The world’s population surged by a billion in just 12 years. Since the first appearance of Homo sapiens, it took around 300,000 years for there to have existed a billion people on planet Earth, which took place in around 1804, the year of the discovery of morphine, when Haiti declared independence from France and Beethoven gave the first performance of this Third Symphony in Vienna.

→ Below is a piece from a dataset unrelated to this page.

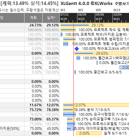 프로젝트를 진행할 때 전체 진행상황파악을 위해 진척율을 사용하는데 엑셀간트에서는 어떻게 진척율을 관리하고 프로젝트의 진행상황을 파악하는 지 알아보자. [보기]

Having broken the eight billion mark, the challenges are tending to deepen. Pollution and overfishing are degrading great expanses of the oceans. Wildlife is disappearing at an alarming rate in keeping with the pace that human beings eradicate forests and other habitats whether for agricultural purposes or for the production of manufactured goods. Climate changes, driven by a global energy that still remains overwhelmingly powered by fossil fuels, are rapidly becoming the greatest historical threat to biodiversity, food security and access to water whether for human consumption or agricultural usage.
Chinese revolution
The population explosion has also triggered waves of tension all around the world. For the first time in two thousand years, China is no longer the most populated country on the planet (overtaken by India). Even prior to the single child policy entered into effect in China in 1980, “births in China were declining almost continually”, maintained Gerland. In the 1970s alone, the birth rate dropped by a half. As a result, 45% fewer children were born in 2020 than in 2015. The Chinese birth rate now trails far behind that of the United States. Even while retaining one of the highest levels of life expectancy – 85 years – the forecasts point to the 1.4 billion strong population of China to soon begin declining. The active population has now been shrinking for over a decade. At this moment, there are not even two workers sustaining each retiree or child. In the next 25 years, the country is due to have some 300 million aged over 60 with the forecast cost of healthcare corresponding doubling.
The African boom
In Africa, in contrast, the trends are to advance rapidly in the opposite direction. In the Sahel region, the population is growing swiftly. Currently standing at 216 million, the regional population may quadruple through to the end of the second century. At this stage, there may be more people in this region than in China, which spans a territory ten times larger. In the meantime, food security is already a concern. Furthermore, a third of the people across the region live in conditions of extreme poverty, a higher rate than any other region. A third of all family households include an adult member who has to occasionally miss meals to ensure the family’s survival.
It should be highlighted that all these projections are based on assumptions and reality may prove entirely different. According to the United Nations, “it is essential to expand the opportunities for education over forthcoming decades” so that we are able to “determine just how many of us shall be living on Earth when we approach 2100”.